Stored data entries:
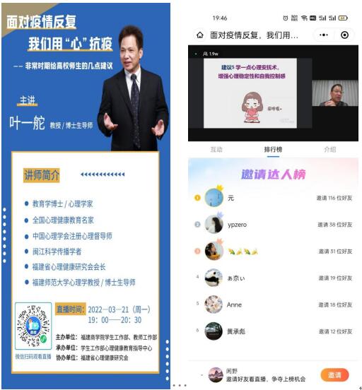 为帮助新葡的京集团师生更好地认识疫情,增强心理调适能力,缓解疫情引发的心理压力,3月21日晚,新葡的京集团学生工作部联合教师工作部邀请福建师范大学心理学院博士生导师叶一舵直播了一场以“面对疫情反复,我们用心抗疫”为主题的讲座,包括新葡的京集团师生在内的2万多人在线观看了此次讲座。
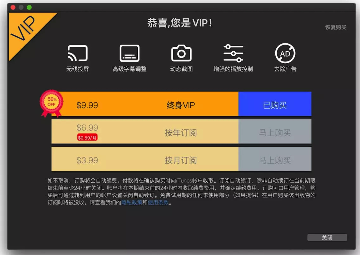OmniPlayer 的 VIP 功能包含了以下一些功能,其余功能均免费使用:
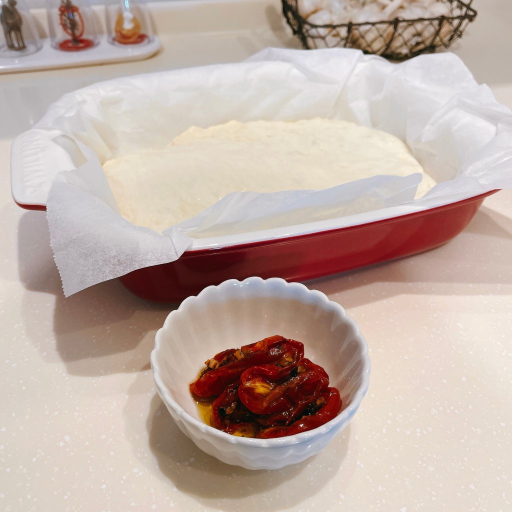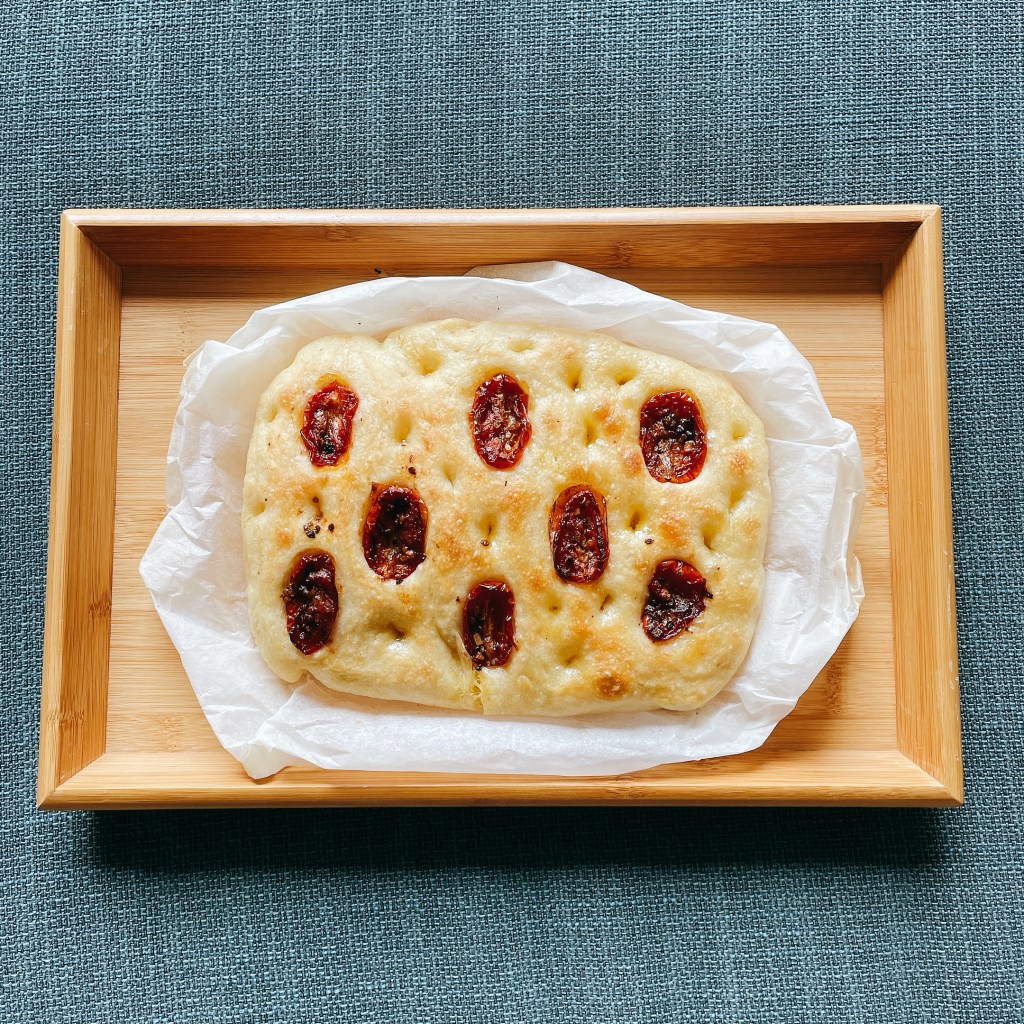 烘烤後浸漬在橄欖油中的番茄乾可作為佛卡夏配料,而油漬番茄的橄欖油本身吸收了各種香料的氣味,直接作為佛卡夏的底油真是最適合不過了!
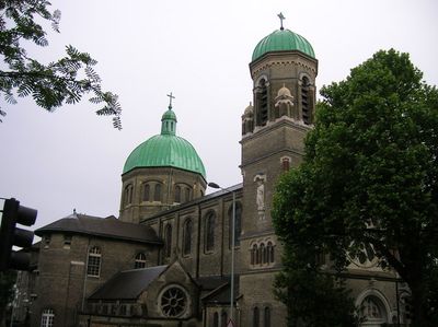 The Church of St Joseph features a substantial green copper dome visible across London and combines Romanesque and Byzantine architectural elements in its design.
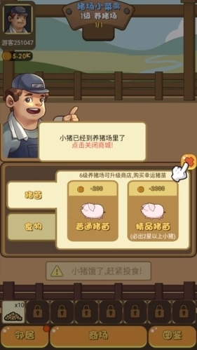 1、你将负责运营自己的猪场,在猪场建设的进程里持续培育小猪,通过合成的方式来提高它们的等级;
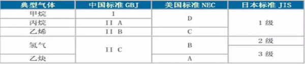 中國、美國、日本典型爆炸性氣體分組對照
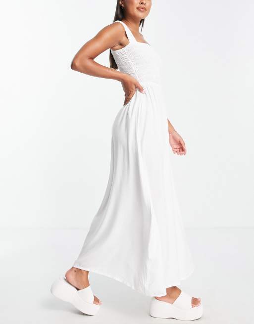 Esmee – Exclusive – Vit, lång sommarklänning för stranden med stor smock
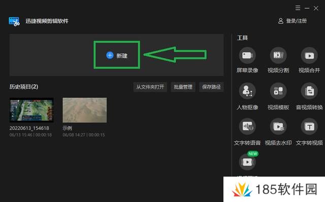 举例迅捷视频剪辑软件,我们打开之后,点击左上角【新建】然后导入需要裁剪的视频。
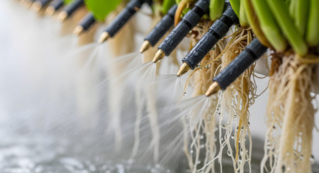 A close-up view of an aeroponics system, a method of indoor farming, where nozzles spray a fine mist of water and nutrients directly onto the exposed roots of plants. This advanced agricultural technology allows for soilless cultivation and efficient resource use, representing the future of farming.

**THE PROBLEM**
Give back an exact repeat of the lines from the top of the data through the line that holds "The Church of", both included, and omit pictures.

**EXERCISE RESULT**
 为帮助新葡的京集团师生更好地认识疫情,增强心理调适能力,缓解疫情引发的心理压力,3月21日晚,新葡的京集团学生工作部联合教师工作部邀请福建师范大学心理学院博士生导师叶一舵直播了一场以“面对疫情反复,我们用心抗疫”为主题的讲座,包括新葡的京集团师生在内的2万多人在线观看了此次讲座。
OmniPlayer 的 VIP 功能包含了以下一些功能,其余功能均免费使用:
 烘烤後浸漬在橄欖油中的番茄乾可作為佛卡夏配料,而油漬番茄的橄欖油本身吸收了各種香料的氣味,直接作為佛卡夏的底油真是最適合不過了!
 The Church of St Joseph features a substantial green copper dome visible across London and combines Romanesque and Byzantine architectural elements in its design.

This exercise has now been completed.